- Information shown
[Start of section]
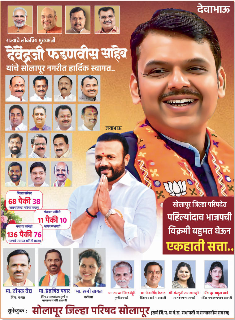 भारतीय जनता पार्टीला सोलापूर महानगरपालिकेसह जिल्हा परिषद नगरपालिका निवडणुकांमध्येही मिळालेल्या भरघोस यशाचे कौतुक मुख्यमंत्री देवेंद्र फडणवीस करणार आहेत. या सोहळ्यात शहरवासीयांनी मोठ्या संख्येने सहभागी व्हावे.
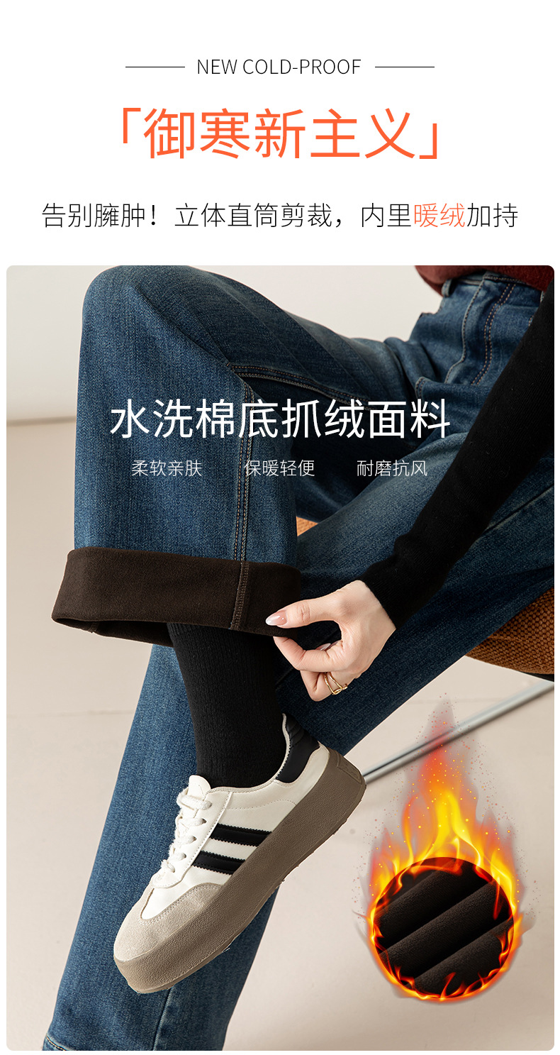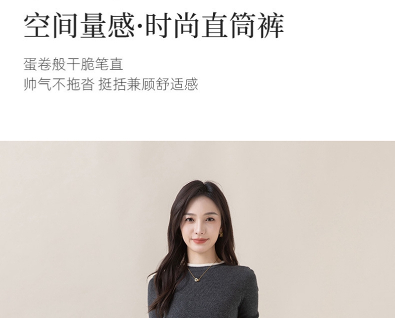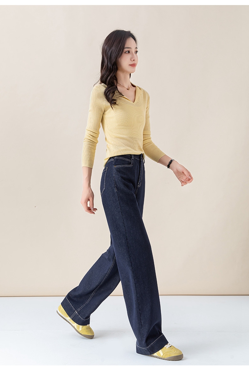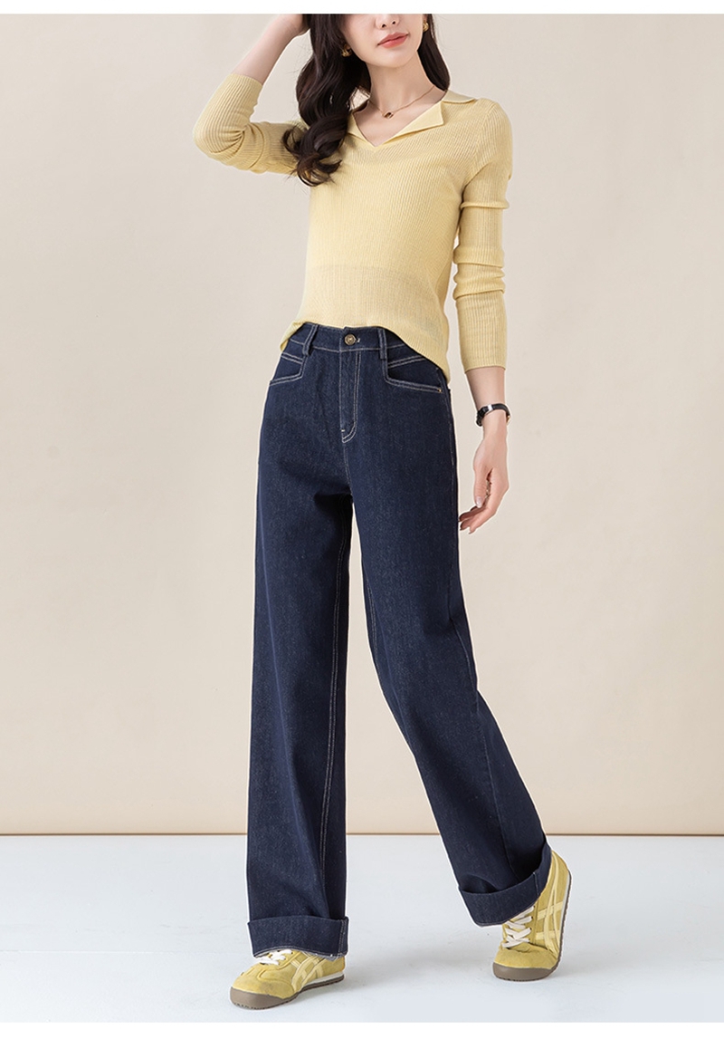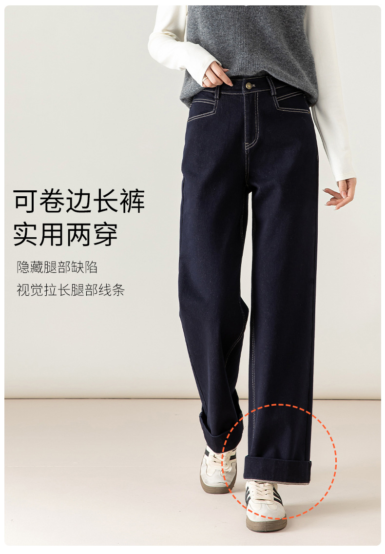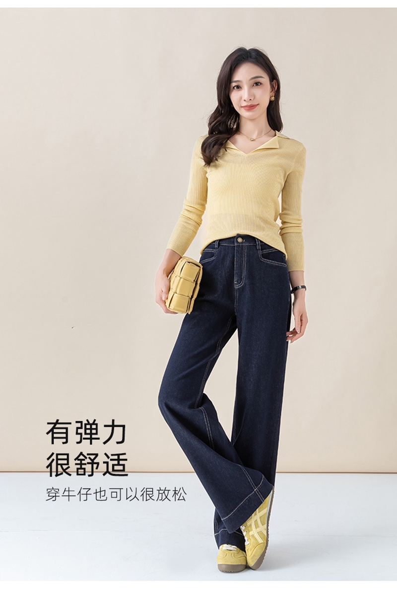 高腰拉链宽松垂感阔腿直筒牛仔裤
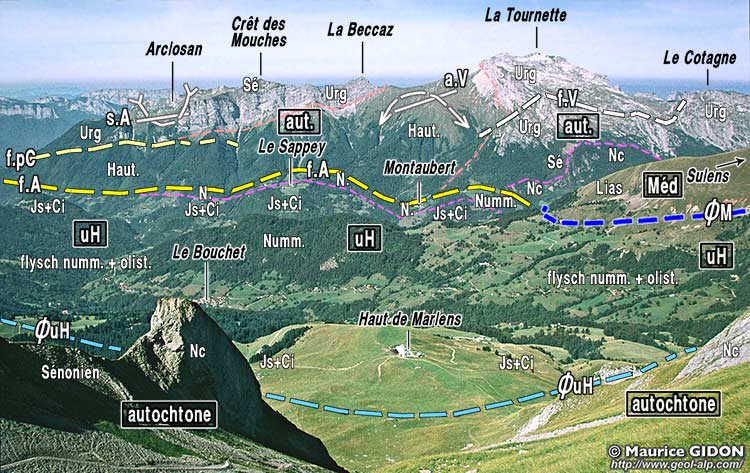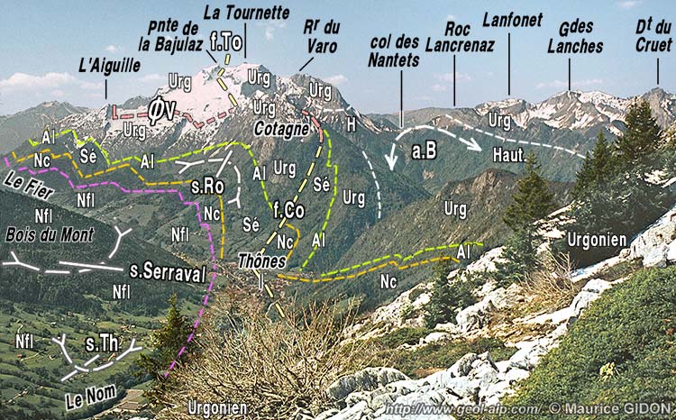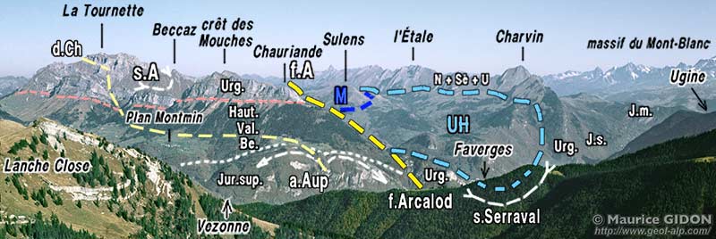![]() Le chaînon de la Tournette (versants sud), vu d'avion depuis l'aplomb de Faverges. Plis : a.F = anticlinal de la Forclaz ; s.L = synclinal du Lindion ; a.AW , A.AE = deux moitiés (occidentael et orientale) de l'anticlinal de l'Aup - Montmin ; s.A = synclinal d'Arclosan ; a.V = anticlinal du Varo. Failles anciennes (en rouge) : f.F = accident du col de la Forclaz ; f.M = faille de Mercier (voir clichés en fin de page) ; f.AW, f.AE = failles ouest et est d'Arclosan. Failles du faisceau de l'Arcalod (en jaune) ; d.Ch= décrochement de Charvet ; f.M = faille de Mercier ; f.pC = faille du Plan du Chouet (= branche occidentale de la faille de l'Arcalod) ; f.Ar = faille principale de l'Arcalod. |
[End of section]
- How to complete this task
Only the pictures are dropped when you print the material; everything else is copied exactly.

- Result
 भारतीय जनता पार्टीला सोलापूर महानगरपालिकेसह जिल्हा परिषद नगरपालिका निवडणुकांमध्येही मिळालेल्या भरघोस यशाचे कौतुक मुख्यमंत्री देवेंद्र फडणवीस करणार आहेत. या सोहळ्यात शहरवासीयांनी मोठ्या संख्येने सहभागी व्हावे.
 高腰拉链宽松垂感阔腿直筒牛仔裤
![]() Le chaînon de la Tournette (versants sud), vu d'avion depuis l'aplomb de Faverges. Plis : a.F = anticlinal de la Forclaz ; s.L = synclinal du Lindion ; a.AW , A.AE = deux moitiés (occidentael et orientale) de l'anticlinal de l'Aup - Montmin ; s.A = synclinal d'Arclosan ; a.V = anticlinal du Varo. Failles anciennes (en rouge) : f.F = accident du col de la Forclaz ; f.M = faille de Mercier (voir clichés en fin de page) ; f.AW, f.AE = failles ouest et est d'Arclosan. Failles du faisceau de l'Arcalod (en jaune) ; d.Ch= décrochement de Charvet ; f.M = faille de Mercier ; f.pC = faille du Plan du Chouet (= branche occidentale de la faille de l'Arcalod) ; f.Ar = faille principale de l'Arcalod. |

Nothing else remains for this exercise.